The plan by the Ontario government to reduce the wages of professors at age 71 illustrates the dramatic changes in the relationship between work, retirement, and pensions.

Until recently, the expectation was that most Canadians would stop working between age 60 and 65 and then begin collecting a pension, including from the Canada Pension Plan (CPP) and Old Age Security (OAS). In other words, you worked, retired by 65 at the latest, and then received pension income.

However, in the past two decades the formerly sequential relationship between work, retirement, and pensions unraveled.

The family life of Canadians became varied and complex: later marriage, divorce, re-marriage, and blended families became common-place and normalized. Work changed as well, with fewer manual occupations and more emphasis on soft skills. Education is different: more years at school, later graduation, and the likelihood of returning to school for upgrading later in life. Lastly, technology has impacted the life cycle of Canadians: later childbirth and increased longevity.

Governments have struggled to respond to the revolution in the lives of Canadians. Only recently has the federal government finally abandoned the work cessation test in the CPP so that a retirement pension can be paid to someone still working after age 60.

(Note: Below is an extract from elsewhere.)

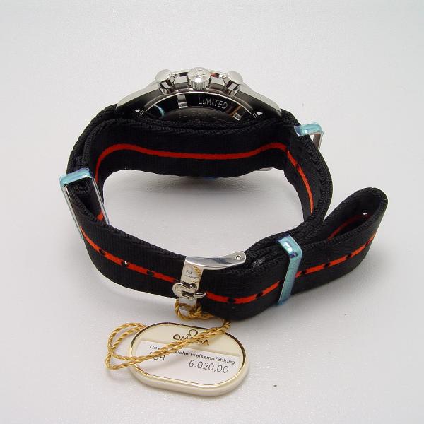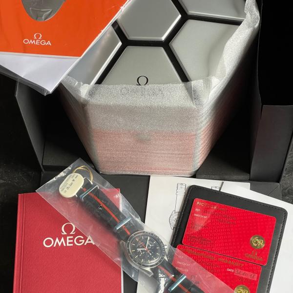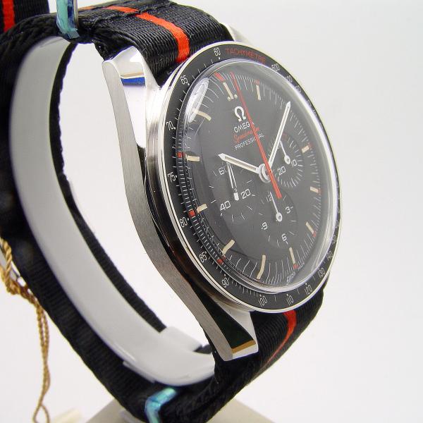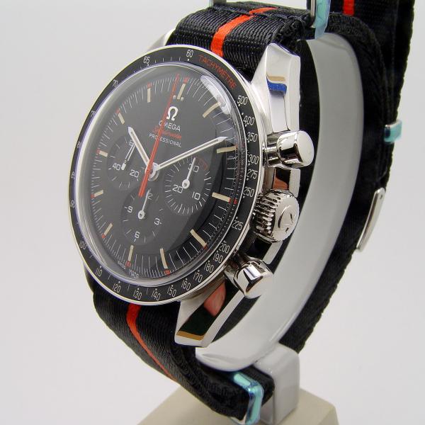 Omega Speedmaster “Ultraman” Chronograph Stahl Ref. 311.12.42.30.01.001 aus 2018. Zifferblatt schwarz. Omega Textilband mit Dornschließe in Stahl. Uhr ist neu und ungetragen.

Not long ago, the federal government reformed laws that in some cases permit members of a pension plan to make contributions and receive payments at the same time. Finally, Ottawa enabled Canadians to delay the receipt of OAS payments to age 70 from the previous age 65, with higher payments at the later age.

As importantly, all provincial governments eliminated laws that forced employees to retire at age 65 regardless of their productivity and desire to continue working.

The result is a retirement buffet for most Canadians, rather than the former à la carte. An employee can receive CPP retirement benefits while at the same time paying into the CPP so as to receive higher payments in the future. This same employee can also receive a retirement pension from her employer, while being employed and paying into the same pension plan. Lastly, this same employee, if age 65 or higher, can receive OAS payments.

The only rule that remains from the former retirement regime is that by age 71 pensions must begin from all pension sources, including employer pensions and registered retirement savings plans.

At present, all Canadians when reaching age 71, whether employed or not, must receive the pension income to which they are eligible. This is the situation that the Ontario government finds offensive, in that professors are seen to be “double dipping” by earning employment income and receiving their pension.

When nearly everyone retired before 65 and began collecting a pension by that age, a rule that by 71 pension must be paid made sense. However, setting an arbitrary age at which Canadians must receive pensions is based on an outdated assumption. Namely, that if older Canadians are given the freedom to decide when to start their pensions they might choose not to do so at all.

The federal government believes that older people would purposefully refuse or delay pensions in order to take unfair advantage of income-tested benefits to which they would not be eligible if they were receiving pension income. This is clearly not the case for the vast majority of Canadians, and attempts to do so would easily be prevented by minor updates to eligibility criteria for programs and benefits, and tax regulations.

Less than three decades ago the Supreme Court of Canada described mandatory retirement at age 65 as “part of the very fabric of the organization of the labour market in this country”. Just over a decade later politicians of all stripes struck it from the books as obsolete and not in keeping with the needs of employers and the life cycle of Canadians.

The archaic regulation that mandates the receipt of all pensions at age 71 should follow mandatory retirement at age 65 to the ash heap of history. Surely if Canadians can choose when to retire, they can also decide when to start drawing their pensions.